When you run easy, your body clears lactate — a byproduct of energy production — as fast as it produces it. When you sprint, lactate accumulates rapidly and you’re forced to slow down within minutes. Somewhere between those two extremes is a pace where production and clearance are roughly balanced.
That’s your threshold pace. It represents the boundary between sustainable and unsustainable effort.
Why It Matters
Lactate threshold is one of the strongest predictors of distance running performance. VO2max tells you how much oxygen your engine can process. Threshold tells you what percentage of that engine you can actually use for extended periods.
Two runners with identical VO2max values can have dramatically different race performances if one has a higher threshold. The runner whose threshold is at 85% of VO2max will outperform the runner whose threshold is at 75% at every distance from 10K to marathon, because they can sustain a faster pace before lactate forces them to slow down.

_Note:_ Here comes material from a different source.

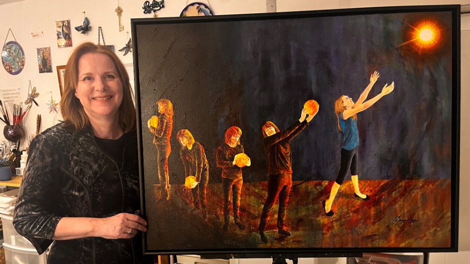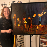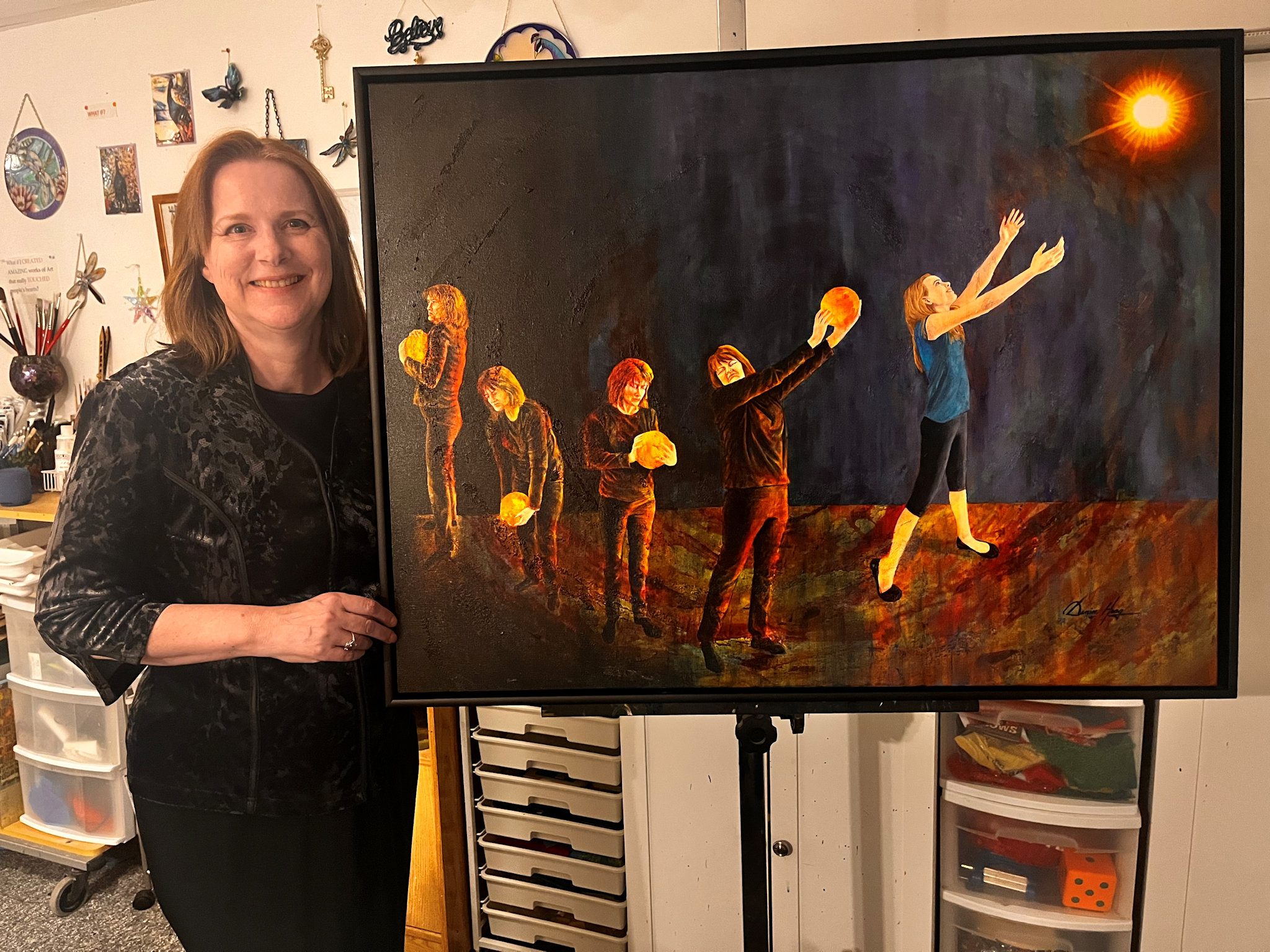 Hoag created the painting to commemorate the 40th anniversary of a profoundly difficult time in her life. She shared, “My aunt passed away from cancer. The day of the funeral, my mother died. My grandmother died soon after. All of these deaths devastated me. I had just turned 13. I was mad at God.”

For distances from 10K through the marathon, threshold pace is arguably more important than VO2max.
What It Feels Like
RPE 6-7. “Comfortably hard.” You can say a few words but not hold a conversation. You feel the effort — it’s real work — but you could sustain it for 45-60 minutes if you had to. It doesn’t feel like you’re racing, but it doesn’t feel easy either.

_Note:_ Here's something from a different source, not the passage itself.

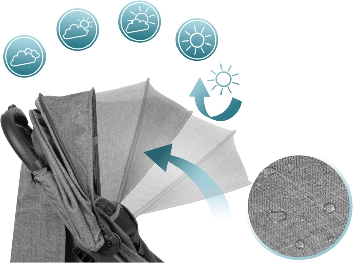 Wielopoziomowa budka chroni przed słońcem i wiatrem, a hydrofobowa tkanina opiera się mżawce. Rozsuń ją w razie potrzeby, gdy dziecko śpi, lub unieś dla lepszej widoczności.

Jack Daniels describes it as the pace you could hold for about an hour in a race.[1] For most recreational runners, this is somewhere near their current 10K race pace or slightly slower.
How to Train It
Tempo runs are sustained efforts at threshold pace. A classic tempo run: warm up 10-15 minutes easy, run 20-40 minutes at threshold effort, cool down 10 minutes easy.
Cruise intervals are Jack Daniels’ variation — break the tempo effort into segments with brief recovery. Example: 4 × 1 mile at threshold pace with 1-minute jog between. This achieves the same physiological stimulus as a continuous tempo run but is psychologically easier to manage, especially for longer sessions.

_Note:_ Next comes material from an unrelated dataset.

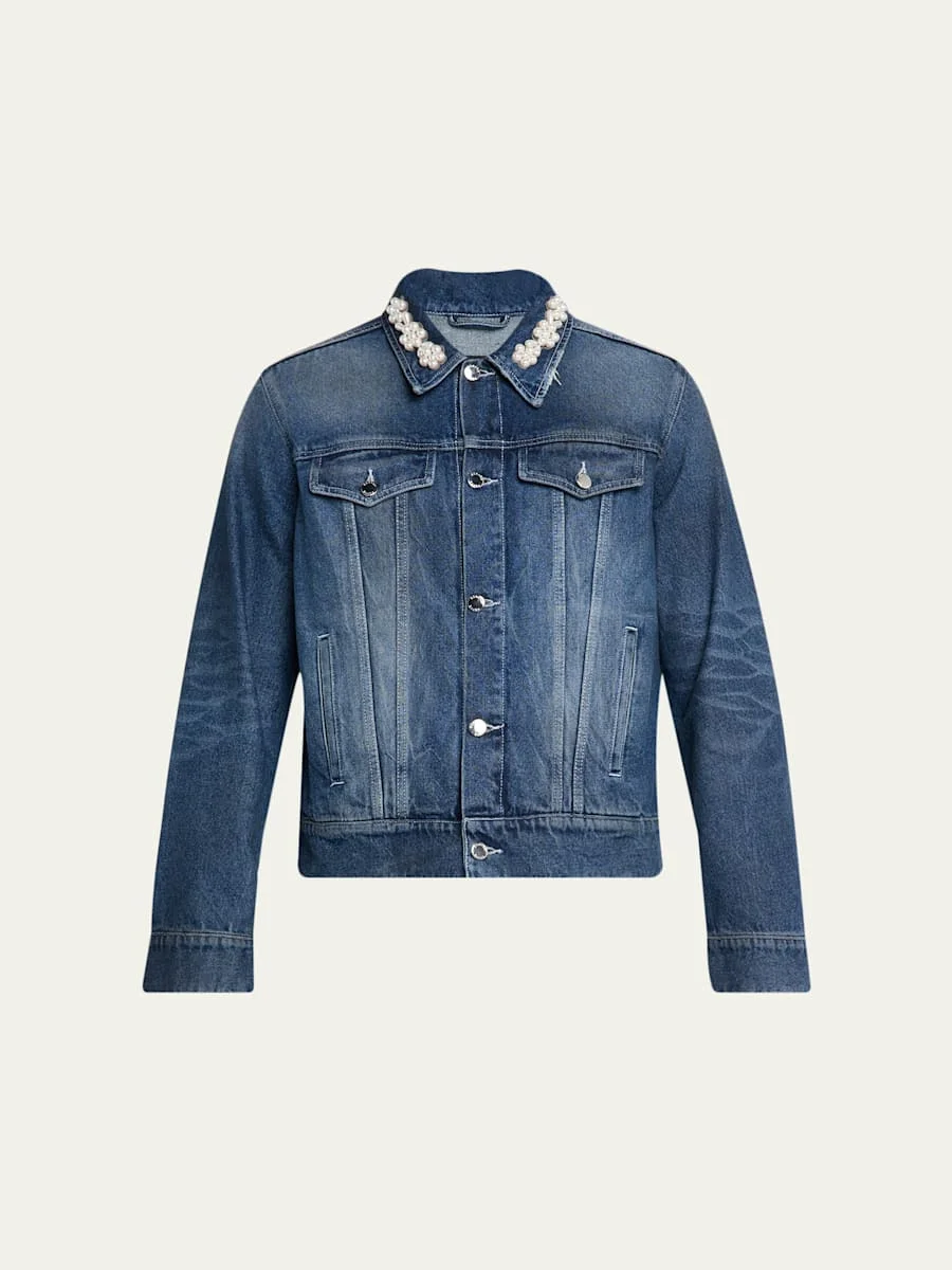 Simone Rocha trucker jacket in denim, highlighted with pearl embellishments on the collar Button front Chest flap pockets Side welt pockets Single-button cuffs Back neck label Hem adjusters Cotton Hand wash or dry clean Made in Portugal Online Inquiries: BGS21_NDMFJ| Store Inquiries: #5048930

Both work because the key variable is time spent at or near threshold intensity. Whether that time is continuous or broken into segments matters less than the total accumulated minutes at the right effort level.
Common Mistakes
Running tempo runs too fast. Threshold pace feels moderate. If your tempo run feels like a race effort, you’ve crossed from threshold into VO2max training — a different workout targeting different adaptations. The “comfortably hard” descriptor is doing important work.
Running tempo runs too short. A 10-minute tempo provides some stimulus, but meaningful threshold adaptation requires 20+ minutes of accumulated time at intensity. If the tempo portion of your run is under 15 minutes, you’re getting a warm-up with a brief push rather than a threshold workout.
Skipping tempo runs because they’re not exciting. Easy runs are comfortable. Intervals are thrilling. Tempo runs are… hard work at a non-spectacular pace. They don’t feel like progress the way a fast interval session does. But for race distances from 10K and up, they may be the single most productive quality workout you can do.
How Pacewright Handles It
Pacewright prescribes threshold work as part of the 20% of training that’s at moderate or hard effort. The frequency and duration depend on your goal distance:
- 5K focused: Less threshold work, more VO2max intervals
- 10K-half marathon: Threshold is a primary training stimulus
- Marathon: Threshold plus marathon-pace work form the quality backbone
You don’t need to calculate your threshold pace from race times or lab tests. Pacewright uses RPE-based effort targets — “RPE 6-7” — which naturally calibrate to your current fitness. If your threshold improves, the pace at RPE 6-7 gets faster automatically. The effort stays the same. The speed follows.